■ **Exercise**
Retype the listing below line for line, but only from the line with "Tailored Craftsmanship –" down to the line with "Jagdalpur (45 km)", inclusive. Pictures stay out.

━━ Information shown

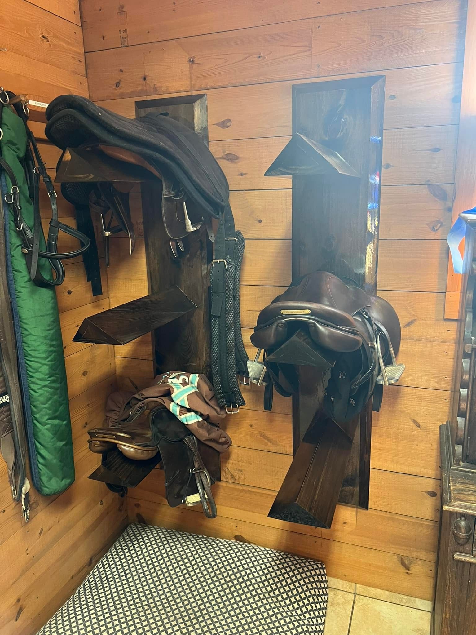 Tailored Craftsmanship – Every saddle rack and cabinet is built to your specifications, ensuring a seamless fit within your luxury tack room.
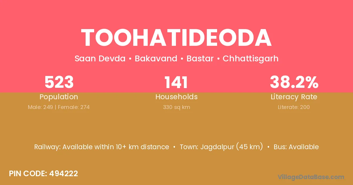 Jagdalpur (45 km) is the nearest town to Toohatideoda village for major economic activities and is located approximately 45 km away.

━━━━
━━ Information shown

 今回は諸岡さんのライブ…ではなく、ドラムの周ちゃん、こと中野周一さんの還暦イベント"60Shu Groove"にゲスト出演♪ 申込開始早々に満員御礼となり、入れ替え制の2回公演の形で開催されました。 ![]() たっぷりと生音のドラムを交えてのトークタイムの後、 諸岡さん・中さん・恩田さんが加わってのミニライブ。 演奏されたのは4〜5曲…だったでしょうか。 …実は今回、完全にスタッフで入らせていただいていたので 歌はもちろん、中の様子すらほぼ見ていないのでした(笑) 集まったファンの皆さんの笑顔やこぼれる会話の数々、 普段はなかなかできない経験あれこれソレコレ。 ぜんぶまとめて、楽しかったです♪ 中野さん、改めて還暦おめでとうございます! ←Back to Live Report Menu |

━━━━

■ **Answer to this exercise**
 Tailored Craftsmanship – Every saddle rack and cabinet is built to your specifications, ensuring a seamless fit within your luxury tack room.
 Jagdalpur (45 km) is the nearest town to Toohatideoda village for major economic activities and is located approximately 45 km away.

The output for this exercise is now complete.